Sunday, March 08, 2009

La parole se tait, c’est seulement là que c’est beau

Je suis allé au théâtre depuis deux mois, je suis allé au théâtre tous les soirs… et j’ai vu, j’ai vu le théâtre. À quoi ça sert de voir le théâtre ? Ça ne sert à rien.
Mais il y a des pièces qu’on ne regarde pas, mais qu’on écoute. À quoi ça sert d’écouter les pièces ? Là non plus, ça ne sert à rien.
Mais c’est beau d’être à l’Odéon pour ne pas ni voir ni écouter la pièce qui est en cours. Les acteurs hurlent de toute façon ce qu’ils ont appris par cœur et comme disait Vitez : ils disent les plus beaux textes du monde et ils n’y comprennent rien. Les acteurs ont des voix grotesques, des voix très laides, c’est un concours de fantaisie.
Ce qui est étonnant, c’est que entendre ou ne pas entendre la parole, ça ne change rien. (Faire de l’art ou ne pas en faire, ça ne change rien.) D’ailleurs Paul Claudel ne le disait-il pas ? Pour jouer sa pièce, Le Soulier de satin, ne fallait-il pas la jouer « vite et mal » ? (Les écrivains rêvent toujours qu’on ne fasse pas le travail qu’ils ont fait…)

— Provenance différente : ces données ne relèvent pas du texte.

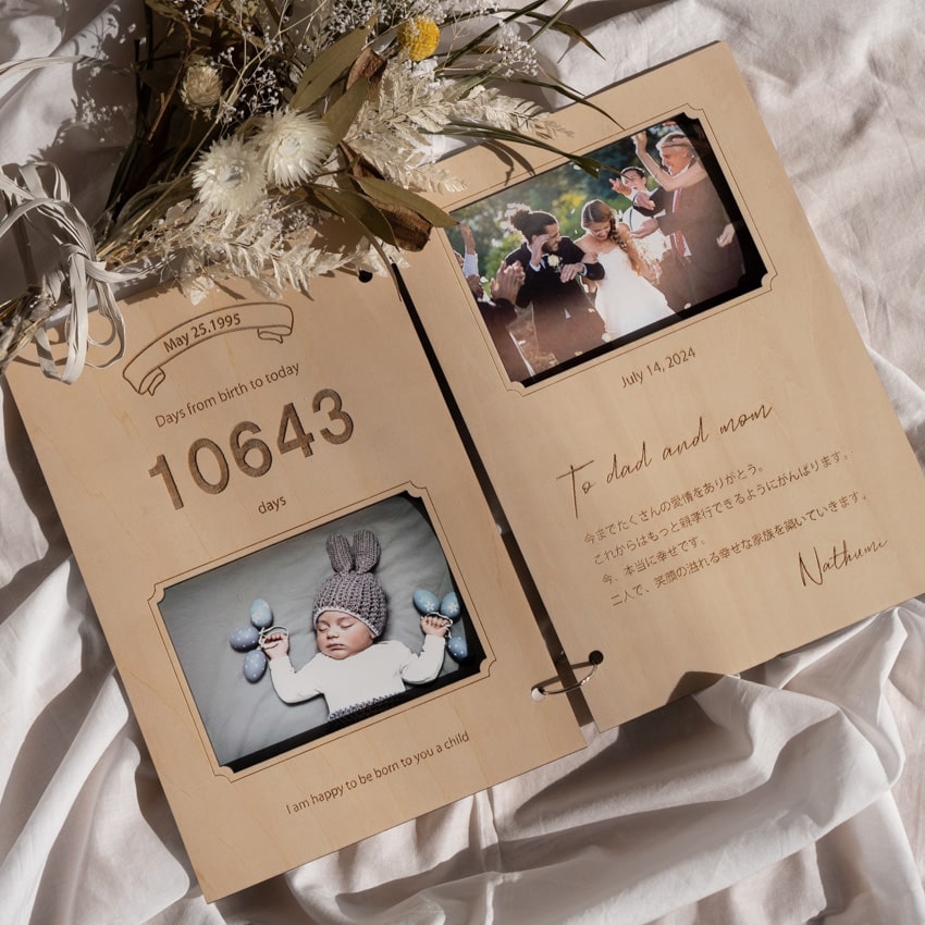 あなたの結婚式に、ご両親のお誕生日に、成人式に、今まで育ててくれた感謝の気持ちを込めてプレゼントしませんか。

À force d’écouter les acteurs, forcément, sur la longueur, ça devient le monde. On est bien avec la cheminée de la scène. À l’Odéon, le feu brûle, on brûle les planches. Il suffit d’un peu de rouge avec des projecteurs pour qu’on se sente bien – mieux… C’est Paris, c’est le soir, on a écouté du Claudel.

L’acteur dit : « Mes larmes pourraient nourrir la mer. » Il dit encore : « Cette absence essentielle. » Et ces acteurs qui ne comprennent rien sont touchants parce qu’ils sont humains. Rouge sur rouge, les bras de la fille de Prouhèze s’élèvent pour crier : « Rooodriiigue ! » Et il dit encore : « Je suis venu pour élargir la terre. »

Le ciel, à l’Odéon, c’est André Masson qui l’a maçonné. Il y a des p’tits anges gris sombre (que je n’avais jamais vus) qui soutiennent le plafond infini.






(La scène des adieux entre Prouhèze et Rodrigue et la quatrième journée « Sous le vent des îles Baléares ».)